When looking at Proteobacteria, you will see that the log probabilities are less negative. This indicates that the Multinomial Naive Bayes (MNB) classifier found fewer predictive 8-mers for this phylum. In contrast, the log probabilities for Thermodesulfobacteria are more negative, suggesting stronger feature associations for that group.

Top 20 Feature importances Random Forest

Note: This plot is interactive. The importance score is shown when hovering over the 8-mer line. You can also control the view of the plot with the buttons on the right side.

About this plot

This plot shows the 20 most important 8-mers according to a Random Forest model trained on 8-mer frequency vectors extracted from 16S rRNA sequences.
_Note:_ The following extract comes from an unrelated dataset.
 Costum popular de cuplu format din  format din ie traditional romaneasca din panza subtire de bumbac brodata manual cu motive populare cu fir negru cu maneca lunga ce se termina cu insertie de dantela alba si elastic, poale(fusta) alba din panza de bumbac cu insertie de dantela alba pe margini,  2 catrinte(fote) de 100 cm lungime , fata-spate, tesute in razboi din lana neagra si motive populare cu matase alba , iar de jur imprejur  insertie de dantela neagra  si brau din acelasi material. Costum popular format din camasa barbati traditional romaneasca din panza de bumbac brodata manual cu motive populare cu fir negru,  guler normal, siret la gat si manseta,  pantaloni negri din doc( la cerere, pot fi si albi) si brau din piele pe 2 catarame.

The y-axis lists the 8-mer features; the x-axis shows their normalized feature importance.
Feature importance values are normalized so that the total across all ~29 million 8-mers in the dataset sums to 1.0. For comparison: if all features were equally important, each would have an importance of approximately 3.45×10⁻⁸. A score of 0.0039 means that this 8-mer is over 113,000× more important than the average feature — indicating an exceptionally strong influence on the model's decisions.
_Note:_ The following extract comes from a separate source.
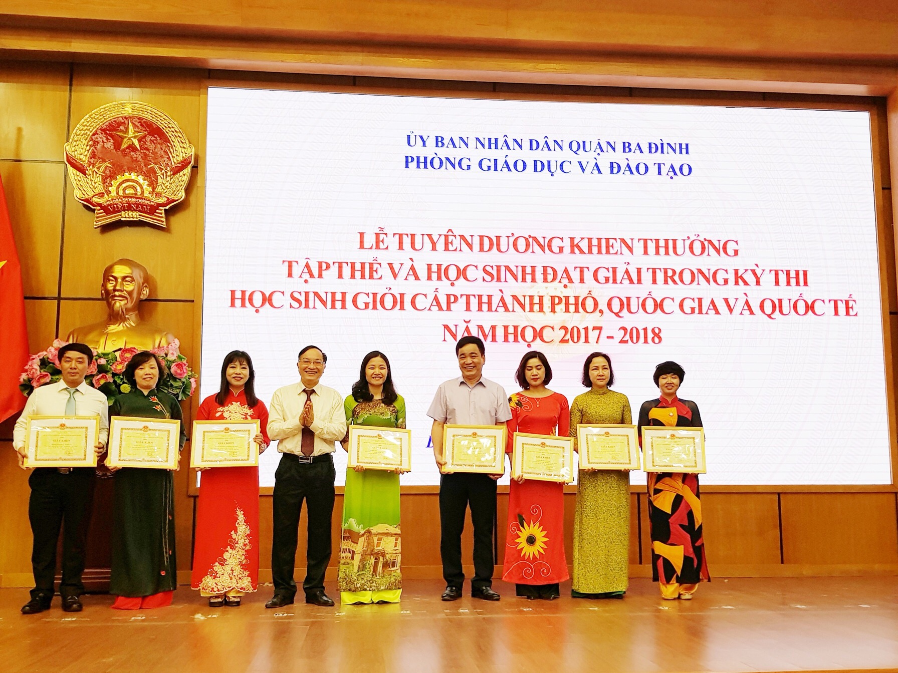 Đây cũng là dịp để quận Ba Đình tuyên dương các tập thể có thành tích cao trong công tác chỉ đạo, bồi dưỡng HSG như: TH Hoàng Diệu, TH Kim Đồng, THCS Giảng Võ, THCS Thăng Long, THCS Phan Chu Trinh, THCS Thành Công…

Interpretation of this plot (Discussion)

The 8-mer 'CGTTGCGC' is the most important, with an importance score of 0.0039 (0.39% of the total), followed by 'TAGTAACC' (0.37%) and 'TGGAATGT' (0.36%).

Multiclass ROC Curve Multinomial Naïve Bayes

Note: This plot is interactive. When double clicking a phylum on the right side, that phylum is shown in the plot. Hovering over the curve displays detailed performance metrics (e.g., TPR, FPR) at that point. The view of the plot is also controllable with the buttons on the top right side.

About this plot

This ROC curve illustrates the performance of a multiclass classification model that classifies microorganisms at the phylum level using sequence-based features (8-mers). The model was trained on a balanced training set and evaluated on an independent test set.
The graph plots the True Positive Rate (y-axis) against the False Positive Rate (x-axis).
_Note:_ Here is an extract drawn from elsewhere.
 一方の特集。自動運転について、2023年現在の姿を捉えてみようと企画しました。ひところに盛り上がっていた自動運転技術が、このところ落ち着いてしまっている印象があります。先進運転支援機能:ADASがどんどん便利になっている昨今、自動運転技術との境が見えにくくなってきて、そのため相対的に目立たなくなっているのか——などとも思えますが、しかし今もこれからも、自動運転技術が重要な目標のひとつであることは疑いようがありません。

  • A True Positive Rate (TPR) of 0 means the model correctly identifies none of the actual positive cases, while a TPR of 1 means the model correctly identifies all of them.
  • A False Positive Rate (FPR) of 0 means no false positives are made, while an FPR of 1 means all negative cases are incorrectly classified as positive.
The black diagonal line (AUC = 0.5) represents random classification. The model achieves micro- and macro-averaged AUC scores of 1.00, as well as AUC values of 1.00 for all individual classes. The macro-average computes the AUC for each class independently and then averages them, giving equal weight to each class. In contrast, the micro-average aggregates all true positives, false positives, and false negatives across all classes before computing the AUC, thereby weighing classes according to their frequency.

Interpretation of this plot (Discussion)

The scores being 1 indicate perfect classification performance on the test set.
The exact score is shown when hovering over the plot.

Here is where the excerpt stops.